83. Aproximando-se a data designada para a abertura de propostas em carta fechada e uma vez que os requerimentos apresentados para suspender a venda haviam sido indeferidos, a R. Closa Faespa deduziu incidente de prestação de caução, para que fosse dada sem efeito a venda e a diligência de abertura de propostas.
84. E mesmo antes de ser proferida decisão nesse incidente, juntou aos autos comprovativo do depósito autónomo da quantia de € 127353,26.
85. Nesse ato, foi a R. Closa Faespa representada pelos mesmos mandatários dos 1.°s RR.
86. Os AA. deduziram oposição a esse incidente, alegando nomeadamente a inidoneidade do valor oferecido, tendo sido proferida sentença a julgar idónea a caução oferecida e prestada, e determinada a suspensão da execução.

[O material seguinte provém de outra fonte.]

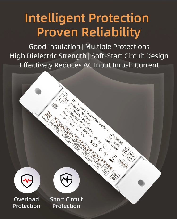 Çoxsaylı Qoruma Dizaynı: Dörd qoruyucu mexanizmlə qurulmuşdur: həddindən artıq gərginlik (mühafizə həddi ≥55V), həddindən artıq cərəyan (mühafizə həddi ≥0.18A), qısaqapanma və həddindən artıq istiləşmə (mühafizə temperaturu ≥110℃). Sürücünü və LED işıq mənbələrini zədələnmədən qorumaq üçün anormal iş şəraiti zamanı çıxışı tez kəsə bilər.
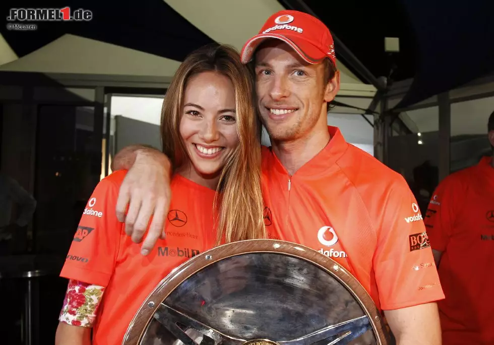 Die beiden sind rundum glücklich: Jessica Michibata, ein japanisch-argentinisches Unterwäschemodel, und ihr Jenson Button, amtierender Weltmeister und mit Siegen 2009 und 2010 der neue "Mister Melbourne" der Formel 1 (nicht nur auf der Rennstrecke, wie unsere weiblichen Leser finden). Nach seinem Sieg wurde Button gefragt, was der Ausspruch "Yata" zu bedeuten hatte, den er in den Boxenfunk plärrte: "Das heißt so viel wie 'Ich habe es geschafft'. Es ist Japanisch, Jessica kommt ja aus Japan. Sie hat mir das beigebracht", klärte der McLaren-Fahrer auf.

87. A R. Closa Faespa requereu o levantamento da caução, mas foi proferido despacho, em 13.10.2016, a determinar que se aguardasse pela decisão definitiva do incidente de oposição à penhora.
88. Em face da decisão de oposição à penhora, a R. Closa Faespa requereu que lhe fosse entregue a quantia de € 97572,83, correspondente à parte da caução que excede a sua responsabilidade liquidada nesse incidente (€ 29780,43).
89. E apresentou na mesma data, requerimento na ação executiva, a requerer que o valor de € 29780,43 fosse “convertido em pagamento definitivo aos exequentes” e ordenado o cancelamento das penhoras.
90. O dinheiro arrestado e depositado pertence aos 1.º s RR., que utilizaram a R. Closa Faespa para prestar caução e evitar a venda dos imóveis.
91. Os 1.º s RR. esvaziaram todas as contas bancárias de que já foram titulares em Portugal e colocaram todo o seu dinheiro em instituições bancárias espanholas.
92. A R. Closa Faespa não tinha disponibilidade financeira para prestar a referida caução, não lhe sendo conhecida atividade que possa gerar lucros.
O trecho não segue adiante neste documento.